After a few days of rather mild temps, it’s starting to heat up here in Kansas again. That means, of course, that I’m hankering for cool treats, and my jones has been made all the worse thanks to a friend from NYC who sent an email today raving about her latest find: a gelato from a new place called Grom that opened in Manhattan just over a month ago.
“You’ve never tasted anything like this,” she tells me. “Sweet, creamy. Every spoonful tastes like an Italian vacation.” It doesn’t help that my friend is one of those fortunate few who’s been blessed with a hummingbird’s metabolism and has never, despite having three kids, outgrown her size 2 jeans. The bitch.

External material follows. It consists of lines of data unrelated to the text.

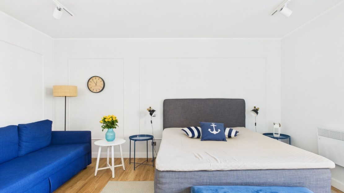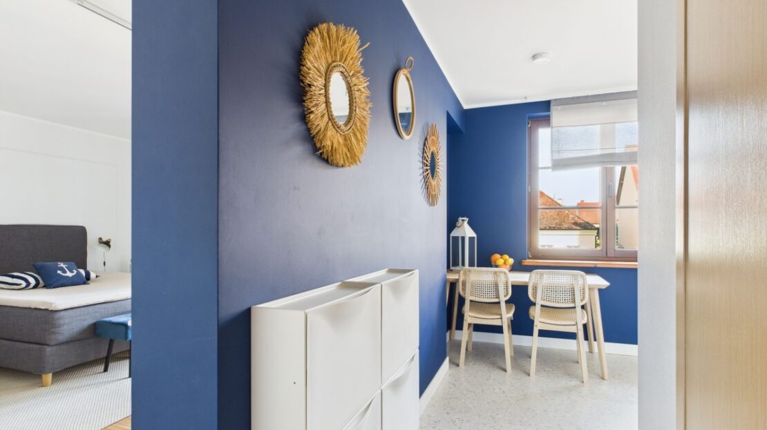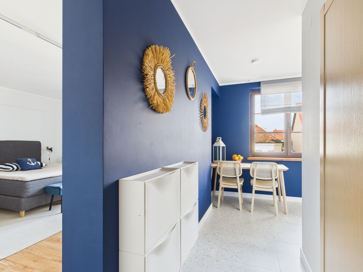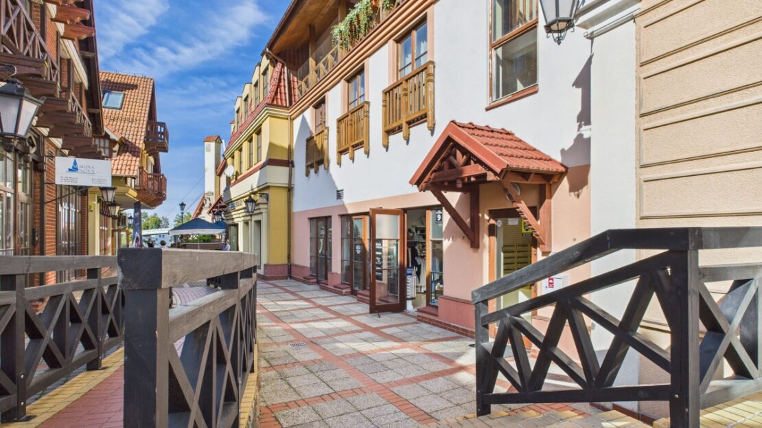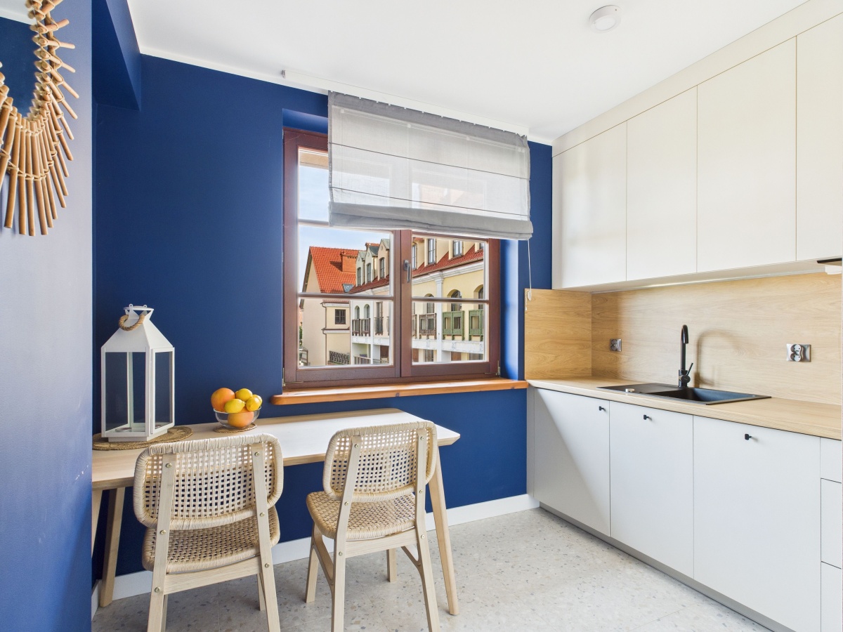 Mieszkanie ma świetną lokalizację – w niecałą minutę jesteśmy przy jeziorze Mikołajskim, Promenadzie i Porcie Mikołajki.
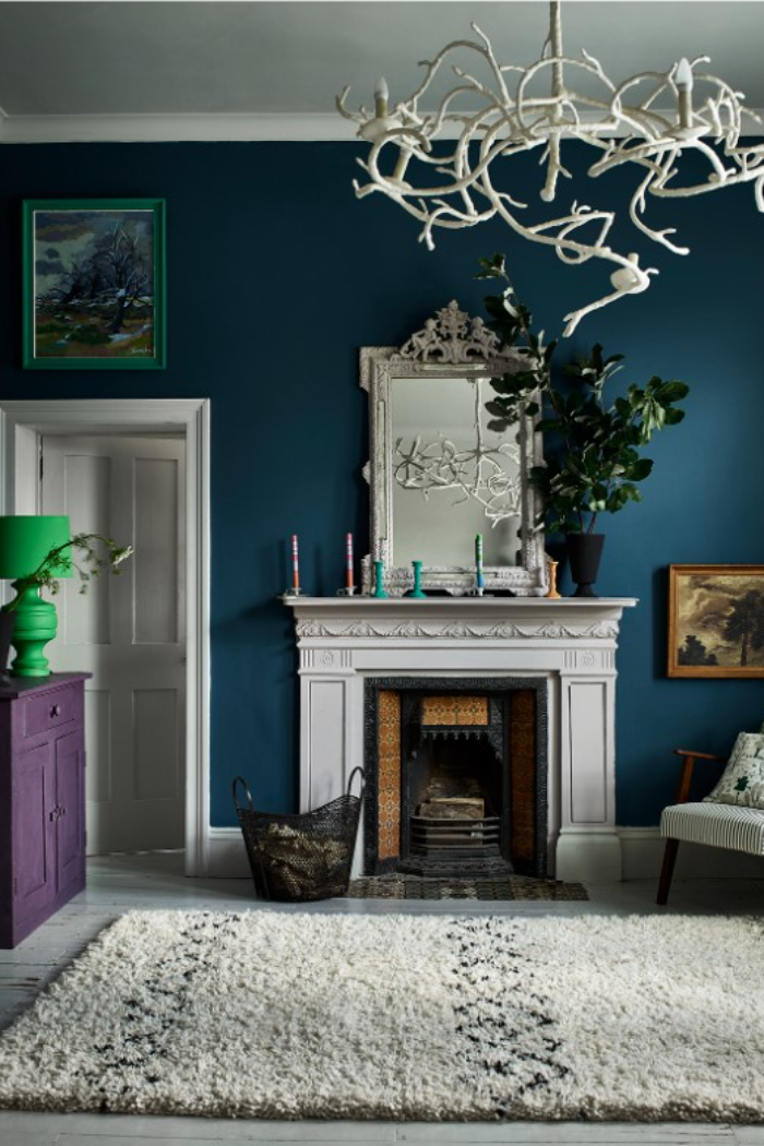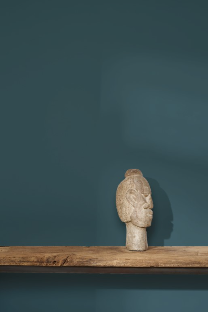 Aubusson Blue is a dark green-blue, inspired by the sumptuous Prussian Blue pigment used in artwork throughout the 19thCentury, including Van Gogh’s Starry Night, and Hokusai’s The Great Wave off Kanagawa. This color will create a dramatic and luxe environment, especially when paired with golds.
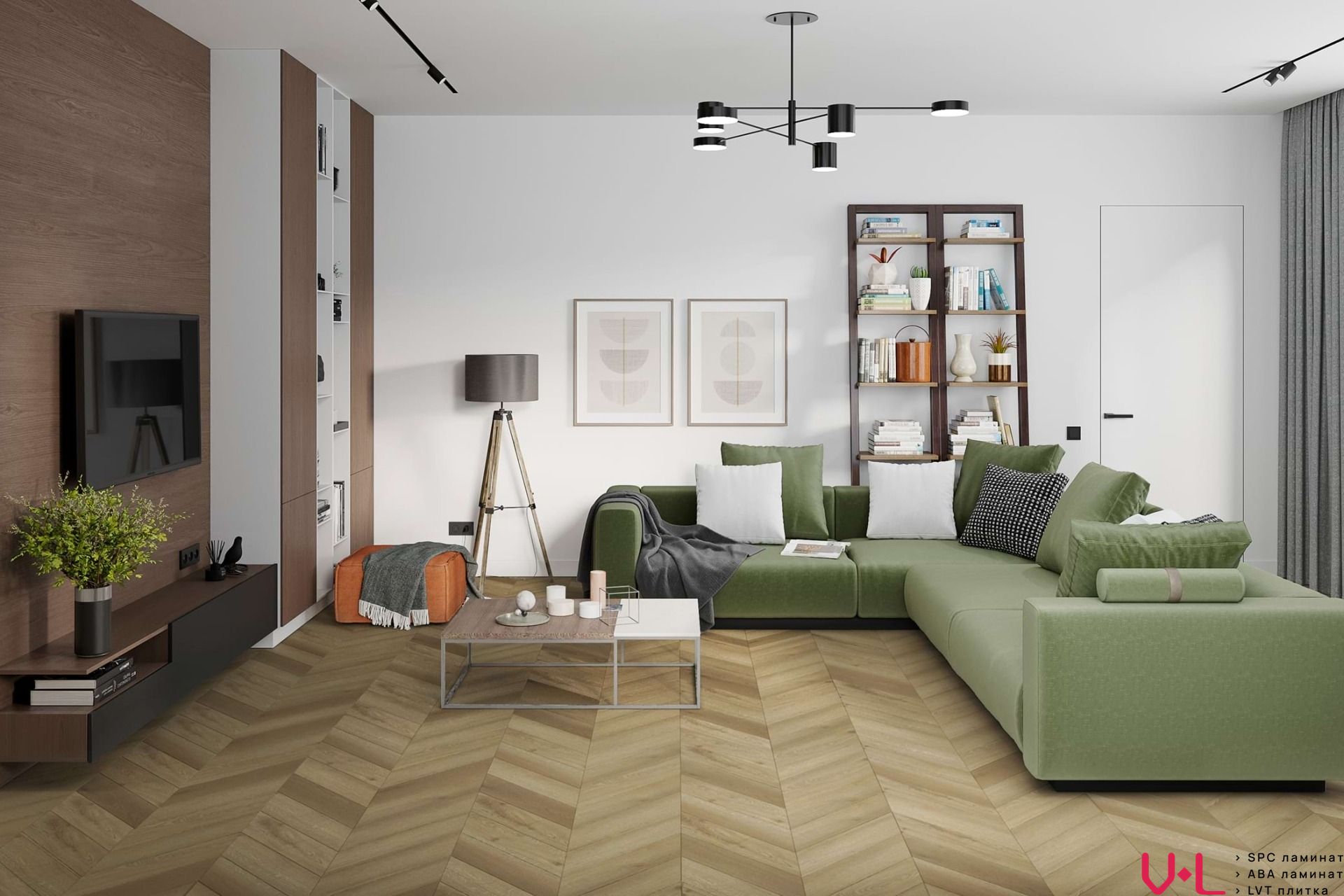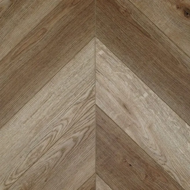 SPC ламинат имеет 43 класс износостойкости, что делает его подходящим для использования в помещениях с высокой проходимостью. Коричневый цвет ламината создаёт уютную атмосферу и добавляет теплоты в интерьер. Дизайн в виде «ёлочки» позволяет создать оригинальный и стильный вид пола. С фаской ламинат выглядит как классический деревянный пол, но обладает прочностью и долговечностью SPC покрытия. Синхронное тиснение обеспечивает идеальное совпадение рисунка и текстуры, создавая эффект натурального дерева.

So it’s some comfort to me, at least, that she’s having to stand in line for half an hour to place her order. Half an hour! Sorry, by that time I’d have had to go somewhere else to grab a bite to eat lest I faint from hunger. Not her, though.
An even greater comfort: that half-cup of Grom Gelato is 215 calories. She’s ordering two at a time every day, claiming that with her metabolism she can handle the extra callories.
Meanwhile, Grom’s owners are banking on their product’s addictive qualities. Says Mr. Grom:
“..we think our gelato is like a drug. Once they have their free taste, they’ll be hooked.”
Anyone remember that Seinfeld episode where Elaine, Neuman and others went gaga over the frozen low-fat yogurt that turned out to pack a caloric wallop? I am so praying that life imitates art.
Yeah, I guess I’m evil that way. But did I mention: three kids and size two jeans? The bitch.